What you should do – What's needed is an exact retyping of the lines from the start of the listing up to and including the line with "The aim of the", minus any pictures.

Given material –

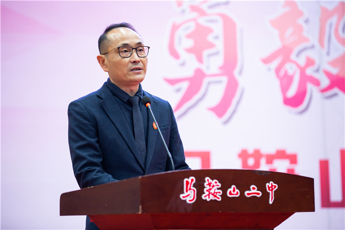 馬鞍山二中(zhōng)副校長(zhǎng)慶曉致辭。他首先祝賀學生們順利邁入人生(shēng)新階段,並叮囑他們在未來的人(rén)生道路要常思感恩、向陽而生,要自律向學(xué)、追求卓越,要胸懷家國、擔當大任。他勉勵全體高三學子(zǐ),為了昨日的汗水和明日的理(lǐ)想,用(yòng)自己的雙肩擔起責任,向著詩和(hé)遠方,揚(yáng)帆起航。
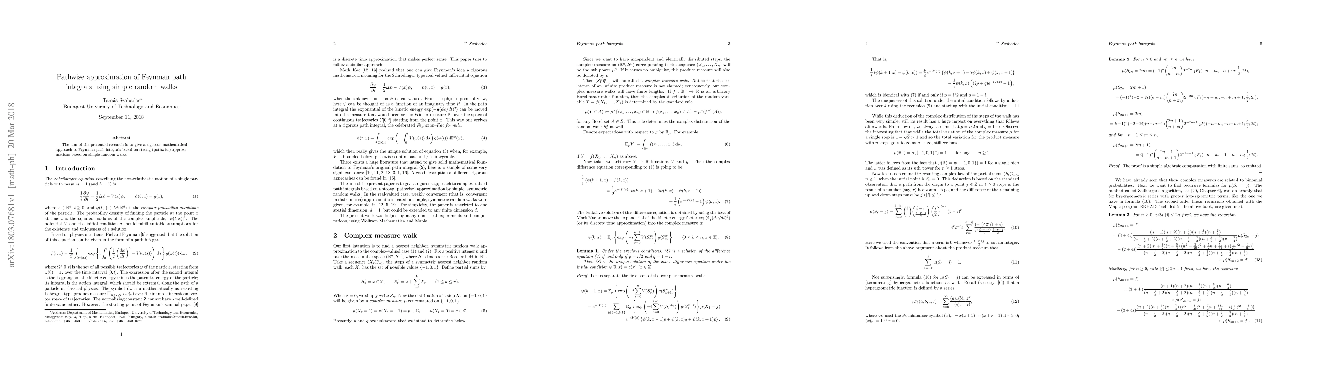 The aim of the presented research is to give a rigorous mathematical approach to Feynman path integrals based on strong (pathwise) approximations based on simple random walks.
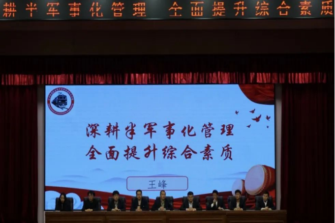 会议第二项议程,由21级辅导员代表王峰以“深耕半军事化管理 全面提升综合素质”为题作报告。他指出,学校70余年的职教实践中,始终坚持传承铁路企业文化,长期践行军队优良作风,凝炼与构建“1234”半军事化学生管理体系,打造辽铁院学生管理特色品牌,成为行业院校的典范,在全国享有很高的声誉。他强调,作为铁道机车学院的学子应该在日常生活中践行“大道致远,铁律育人”半军事化管理特色品牌,全面提升自身综合素质。

Task result –
 馬鞍山二中(zhōng)副校長(zhǎng)慶曉致辭。他首先祝賀學生們順利邁入人生(shēng)新階段,並叮囑他們在未來的人(rén)生道路要常思感恩、向陽而生,要自律向學(xué)、追求卓越,要胸懷家國、擔當大任。他勉勵全體高三學子(zǐ),為了昨日的汗水和明日的理(lǐ)想,用(yòng)自己的雙肩擔起責任,向著詩和(hé)遠方,揚(yáng)帆起航。
 The aim of the presented research is to give a rigorous mathematical approach to Feynman path integrals based on strong (pathwise) approximations based on simple random walks.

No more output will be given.